2. What makes SQL a declarative language and what advantages does that have?

3. What aspects of functional languages are present in SQL, and what advantages does that have?

## Exercise 2: Explore the dataset

Here we will recall basic concepts from relational databases and try to illustrate them by example. First, some introductory questions:

1. What is a relational model? 
2. In what logical shape is the data stored? 
3. What is a primary key and what is his purpose?
4. What does 'first normal form' refer to? 

Now let us illustrate with few examples. For this we need to connect to the database we used in the first exercise. We repeat here the steps.
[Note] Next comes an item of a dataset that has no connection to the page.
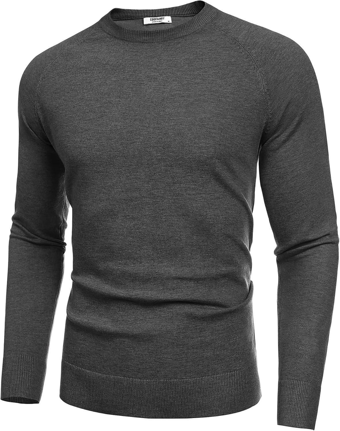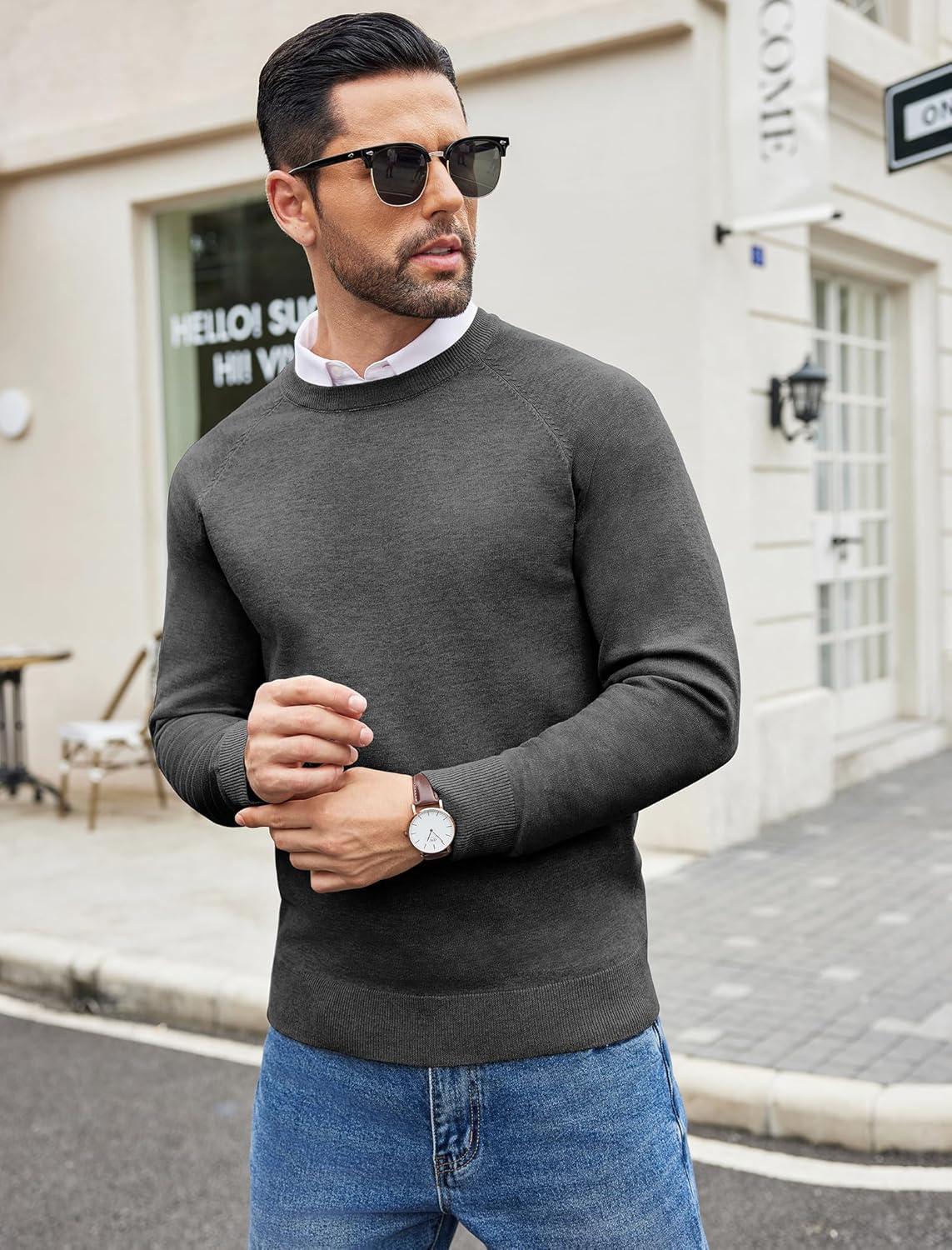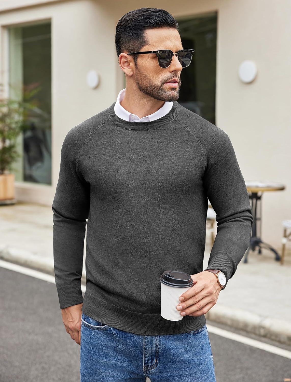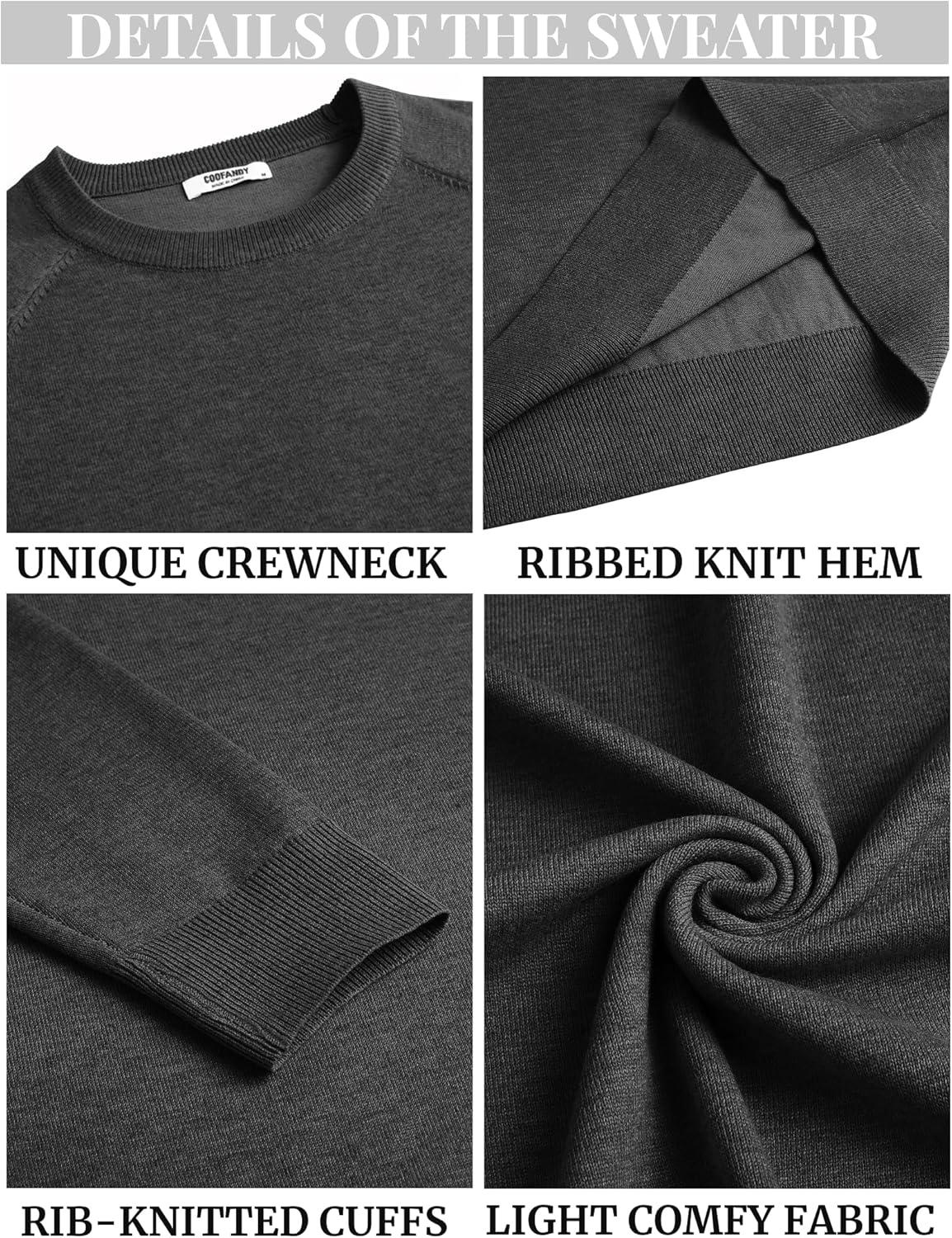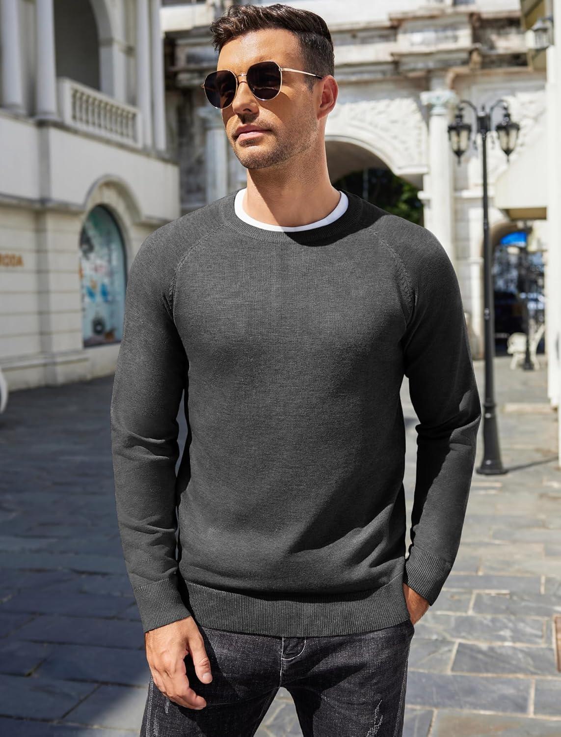 COOFANDY Men's Crewneck Sweater Casual Dress Pullover Sweaters Slim Fit Lightweight Long Sleeve Raglan Sweaters(Dark Grey)

We first set the credentials to connect.

In [None]:
server='ethbigdata2020.postgres.database.azure.com'
user='student@ethbigdata2020'
password='BigData2020'
database='poker.stackexchange.com'
connection_string=f'postgresql://{user}:{password}@{server}:5432/{database}?sslmode=require'

Then we run a first query against our server (following [this tutorial](https://docs.microsoft.com/en-us/azure/postgresql/quickstart-create-server-database-portal) from the Azure website). This should print the version information of the SQL server.

In [None]:
import sqlalchemy

engine = sqlalchemy.create_engine(connection_string)
print(engine.execute('SELECT version()').fetchall())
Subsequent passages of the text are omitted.